And we’re not just limiting the definition of “leadership” to include President Bush, House Speaker Nancy Pelosi and the Democratic and Republican leaders of the House. Each and every one of the 228 members of the House who killed the financial stabilization package Monday is an example of failed leadership.
When the $700 billion package came up for a vote, 228 representatives lined up against it: 95 Democrats and 133 Republicans.
And when they were done, the Dow Jones Industrial Average plummeted 778 points, its largest point-drop in history. More than $1.2 trillion in wealth just vanished Monday afternoon.
Members of the House who voted against the package, including Virginians Bob Goodlatte, R-6th District, and Virgil Goode, R-5th District, say constituents were flooding their offices with calls, letters and e-mails urging them to kill the deal, saying taxpayers shouldn’t have to bail out fat-cat Wall Street financiers.
What a load of populist demagoguery.
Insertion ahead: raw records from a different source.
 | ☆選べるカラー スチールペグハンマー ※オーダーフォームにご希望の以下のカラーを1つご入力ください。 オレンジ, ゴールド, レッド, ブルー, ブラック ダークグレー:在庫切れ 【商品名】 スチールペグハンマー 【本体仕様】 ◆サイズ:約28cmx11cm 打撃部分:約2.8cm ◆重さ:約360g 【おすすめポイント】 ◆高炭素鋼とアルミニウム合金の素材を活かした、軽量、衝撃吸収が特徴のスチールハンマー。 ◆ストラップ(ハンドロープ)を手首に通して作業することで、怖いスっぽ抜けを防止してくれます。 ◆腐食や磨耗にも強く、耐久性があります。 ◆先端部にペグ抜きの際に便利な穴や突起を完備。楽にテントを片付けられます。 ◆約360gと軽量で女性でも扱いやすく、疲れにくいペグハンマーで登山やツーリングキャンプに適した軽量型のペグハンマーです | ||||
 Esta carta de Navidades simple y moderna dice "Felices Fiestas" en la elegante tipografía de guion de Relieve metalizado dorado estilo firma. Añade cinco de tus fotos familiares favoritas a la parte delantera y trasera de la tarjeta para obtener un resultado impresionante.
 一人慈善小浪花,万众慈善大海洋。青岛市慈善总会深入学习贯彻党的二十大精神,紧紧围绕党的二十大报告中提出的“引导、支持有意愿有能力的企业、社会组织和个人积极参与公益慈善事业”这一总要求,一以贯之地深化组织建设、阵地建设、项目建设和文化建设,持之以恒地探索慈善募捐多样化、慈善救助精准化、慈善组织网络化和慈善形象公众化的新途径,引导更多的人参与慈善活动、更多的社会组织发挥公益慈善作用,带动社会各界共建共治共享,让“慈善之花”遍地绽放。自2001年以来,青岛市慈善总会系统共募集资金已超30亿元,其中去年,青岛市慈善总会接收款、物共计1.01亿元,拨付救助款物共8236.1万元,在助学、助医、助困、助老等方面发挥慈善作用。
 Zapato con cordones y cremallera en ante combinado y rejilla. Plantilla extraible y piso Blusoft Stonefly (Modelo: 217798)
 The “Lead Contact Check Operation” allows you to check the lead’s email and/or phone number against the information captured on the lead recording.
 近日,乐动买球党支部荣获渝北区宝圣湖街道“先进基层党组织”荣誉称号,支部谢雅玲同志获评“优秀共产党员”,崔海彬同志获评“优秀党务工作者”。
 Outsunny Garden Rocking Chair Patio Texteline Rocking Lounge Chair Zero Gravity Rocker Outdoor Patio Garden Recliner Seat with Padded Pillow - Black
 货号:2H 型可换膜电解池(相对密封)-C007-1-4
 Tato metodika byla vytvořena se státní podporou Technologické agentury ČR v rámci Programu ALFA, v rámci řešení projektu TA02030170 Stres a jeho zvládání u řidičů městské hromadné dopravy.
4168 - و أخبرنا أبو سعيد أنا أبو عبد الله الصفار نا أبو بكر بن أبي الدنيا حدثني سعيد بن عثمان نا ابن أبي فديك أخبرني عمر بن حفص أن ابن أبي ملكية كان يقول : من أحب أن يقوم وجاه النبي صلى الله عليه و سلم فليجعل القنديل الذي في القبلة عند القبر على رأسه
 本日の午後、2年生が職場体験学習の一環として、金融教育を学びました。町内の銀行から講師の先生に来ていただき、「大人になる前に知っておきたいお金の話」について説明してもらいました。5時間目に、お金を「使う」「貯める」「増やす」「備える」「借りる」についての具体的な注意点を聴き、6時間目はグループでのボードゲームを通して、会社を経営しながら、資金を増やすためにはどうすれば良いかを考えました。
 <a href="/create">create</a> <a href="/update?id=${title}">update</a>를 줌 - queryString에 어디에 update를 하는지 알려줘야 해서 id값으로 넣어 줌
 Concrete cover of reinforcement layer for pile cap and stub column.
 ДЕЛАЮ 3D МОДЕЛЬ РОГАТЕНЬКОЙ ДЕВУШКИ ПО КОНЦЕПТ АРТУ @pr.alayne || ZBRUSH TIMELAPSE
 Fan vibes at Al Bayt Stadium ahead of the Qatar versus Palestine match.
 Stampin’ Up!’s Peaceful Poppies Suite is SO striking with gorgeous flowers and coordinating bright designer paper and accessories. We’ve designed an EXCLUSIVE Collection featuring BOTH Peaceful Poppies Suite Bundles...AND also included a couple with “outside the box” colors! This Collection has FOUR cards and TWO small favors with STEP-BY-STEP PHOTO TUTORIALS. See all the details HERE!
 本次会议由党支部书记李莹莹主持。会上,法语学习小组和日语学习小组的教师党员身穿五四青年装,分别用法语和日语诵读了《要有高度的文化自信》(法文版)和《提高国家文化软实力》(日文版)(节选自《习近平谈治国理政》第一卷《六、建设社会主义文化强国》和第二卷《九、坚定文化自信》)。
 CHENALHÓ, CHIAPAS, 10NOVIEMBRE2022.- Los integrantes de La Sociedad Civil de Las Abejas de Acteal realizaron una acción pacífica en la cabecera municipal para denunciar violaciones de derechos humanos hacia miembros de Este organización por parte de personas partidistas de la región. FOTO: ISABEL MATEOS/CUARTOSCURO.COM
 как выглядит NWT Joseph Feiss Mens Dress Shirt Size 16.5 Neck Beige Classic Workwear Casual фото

And what an abysmal failure of leadership and lack of intelligence on the part of these elected leaders.
The financial crisis the country is in is far more than just a Wall Street problem, and its impact is far wider than just the financial district in lower Manhattan. And that $1.2 trillion that vanished? It’s in the 401(k)s and pension plans of millions of Americans, not just in the wallets of some fallen Wall Street tycoon.
The entire economy is slowly grinding to a halt, and these people don’t recognize the depth of the abyss they’re staring into.
Overnight credit rates (for those who care, the LIBOR and the TIBOR) are through the roof, and have been since two weeks ago when Lehman Bros. collapsed and insurance giant AIG was effectively nationalized. And why should you care about the LIBOR and TIBOR? Because overnight credit is how companies cover themselves short-term for payroll and daily expenses; it’s how banks shift money around globally; it’s how governments and other entities finance themselves on a short-term basis.
And as important as those numbers are to Main Street, they’re even more important to the folks walking up and down Main Street. Those figures translate into credit-card interest rates, the ability to get a home or car loan and, in an extreme case, whether you have a job next week.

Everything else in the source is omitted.